Hi there. First, you've got to begin with the understanding that no one is maintaining a list of federal .gov websites holistically (or at one I can get hold of). So, before scanning, we source several public datasets to gather potential .gov hostnames. This was recently described in depth by 18F [https://18f.gsa.gov/2017/01/04/tracking-the-us-governments-p...]. In addition to Censys, GSA's DAP, and the End of Term Web Archive data, our team performs authorized scans of federal agency networks [https://www.whitehouse.gov/sites/default/files/omb/memoranda...] and so we mine that data too. This currently nets ~90k hostnames, only which about a third are responsive.
For both hostname gathering and HTTPS scanning, we use 18F's domain-scan [https://github.com/18F/domain-scan], which orchestrates the scan and provides parallelization. We use the pshtt scanner to ping each hostname at the root and www for both http and https-- this typically takes 36-48 hours to burn through. Once the scanning is finished, we throw the data from the CSV into mongodb, then generate the report via LaTeX. The trickiest part is probably report delivery, which is a mostly manual process for Very Government reasons.
Most of the bureaucratic challenge is overcome because we've already been doing scans against these executive branch agencies for the past several years, so we're a known quantity, though we do modify our user-agent to clearly point back to us. On the whole, agencies have been very supportive-- the data on Pulse bears that out. Agencies really do want to do the right thing for citizens.

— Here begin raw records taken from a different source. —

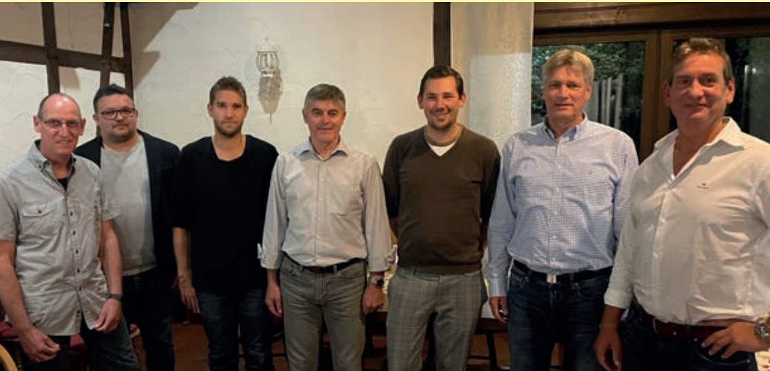
Der Vorstand des FV "Rheingold" Rübenach 1919 e.V.

In der ersten Mitgliederversammlung, die durch den im letzten Jahr neu gewählten Vorstand durchzuführen war, ging es insbesondere um einen ersten Tätigkeitsbericht. Wie haben sich die neuen Strukturen etabliert? Wie läuft die Zusammenarbeit? Was wurde in dem zurückliegenden Jahr erreicht? Um unter anderem diese Fragen zu beantworten, berichteten die sieben Vorstandsmitglieder einzeln aus ihren jeweiligen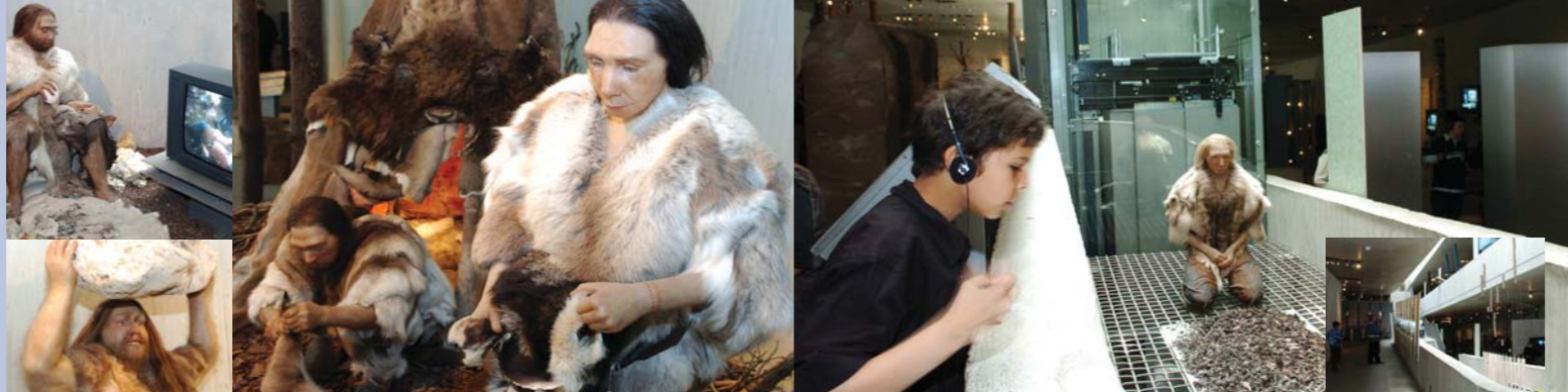
STIFTUNG NEANDERTHAL MUSEUM Träger des Museums ist die Stiftung Neanderthal Museum. Stiftung und Museum finanzieren sich vor allem aus den Erlösen des Museumsbetriebes, aus Spenden und Zustiftungen.

Ausstellung und Architektur des Museums wurden national und international mehrfach preisgekrönt.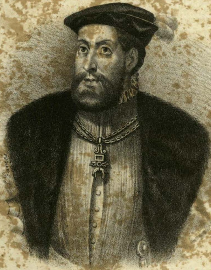
CARLOS V. DE ALEMANIA, I.º DE ESPAÑA.

I appreciate you taking the time for an insightful and detailed response. The link you provided, "Tracking the U.S. government's progress on moving to HTTPS[1]" gave a lot of the details I was looking for.
You might consider mentioning it in this blog post as it does offer interesting background information and technical details.
As a specific example, the actual Python scripts used to generate the data[2] and the data itself[3], give a great deal of insight into the question I had.
No, the code for report generation hasn't been opened up yet, mostly because it won't work without dependancies that aren't yet public. I think that will change in the next few months; open-sourcing is definitely an intention. It will live at https://github.com/dhs-ncats when released.